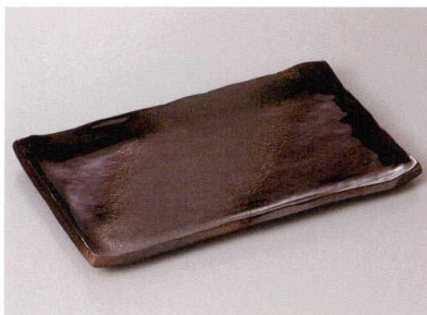
261-11-77J 2,710円 備前灰釉8寸長角皿 23.5×14.5×1.5cm
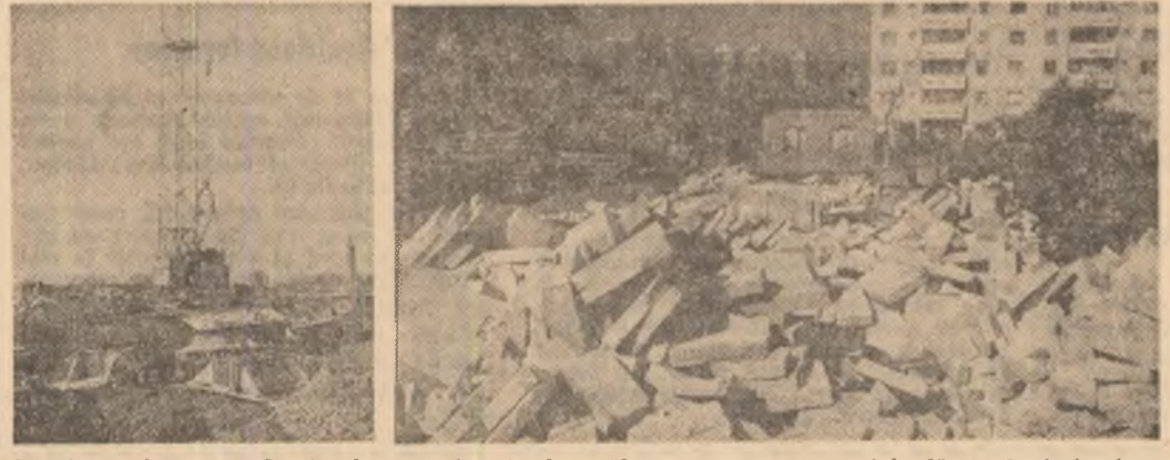
Imagini nedorite pe Șantierul nr. 1 din Arad: utilaje care stau, materiale lăsate la întimplare sau deteriorate.

În telegrama participanților la Conferința organizatorică municipală Roman se spune: Susținem din toată inima propunerea de la cel de-al XII-lea Congres, dumneavoastră, mult stimată și iubite tovarășe Nicolae Ceaulescu, să fiți reales în funcția de secretar general al partidului, aceasta constituind pentru noi, ca și pentru întregul partid și popor, garanția sigură a înalțării ferme a patriei pe drumul fâuririi socialismului și comunismului. Ne angajăm că, în cinstea congresului partidului, să înfăptuim angajamentul asumat de a realiza o producție suplimentară de 1,3 miliarde lei, că vom face totul pentru trudecerea în viață a istoricilor hotărîri pe care le va adopta marea forum al comuniștilor români.
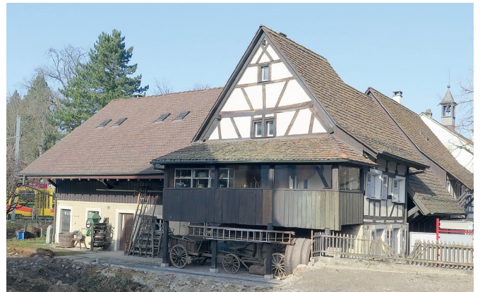
Südansicht, ein rarer Anblick ...
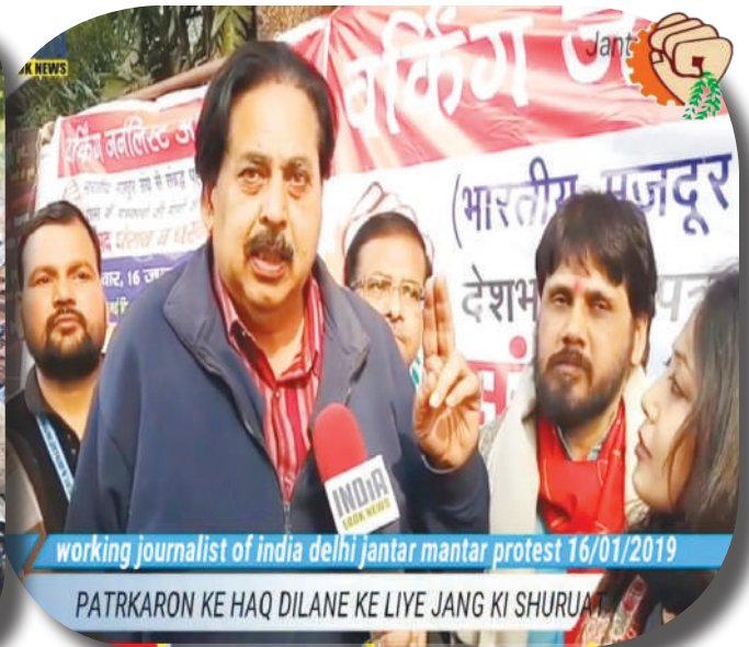
working journalist of india delhi jantar mantar protest 16/01/2019

PATRKARON KE HAQ DILANE KE LIYE JANG KI SHURUAAT
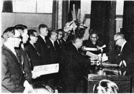
中川町長から表彰状を受ける功勞者

新庁舎は、鉄筋コンクリート三階建て、延べ千八百九十九平方メートル（五百五十一坪）それに鉄筋コンクリート二階建て、延べ二百三十三平方メートル（六十五坪）の消防庁舎が併設されていて総工費一億五千万円をかけた近代的な建て物です。改築工事は、昨年二月から旧庁舎跡地に着手し、十二月十五日完
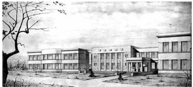
Рис. 9. Проект яслей карбюраторного завода
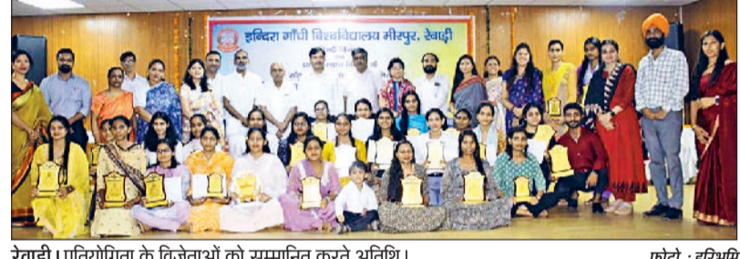
रेवाड़ी। प्रतियोगिता के विजेताओं को सम्मानित करते अतिथि।
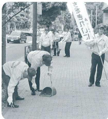
キャンペーンしながら清掃

砂町地区で 5 月 29 日(土)、総勢 96 名が参加して行われた。午前 9 時 30 分に南砂 5 丁目の松本寝具(株)本社に集合し、早速清掃活動に入った。明治通り～葛西橋通り～清洲橋通り～丸八通りを清掃し、45 リットルのゴミ袋で 25 袋分のゴミを収集、午前 11 時 30 分に終了した。
::::
WORK TO COMPLETE | Each line from the start of the entries to the line holding "Imagini nedorite pe" is to be given again exactly, both ends included, and each picture is to be left out.

ANSWER FOR THE TASK |
261-11-77J 2,710円 備前灰釉8寸長角皿 23.5×14.5×1.5cm
Imagini nedorite pe Șantierul nr. 1 din Arad: utilaje care stau, materiale lăsate la întimplare sau deteriorate.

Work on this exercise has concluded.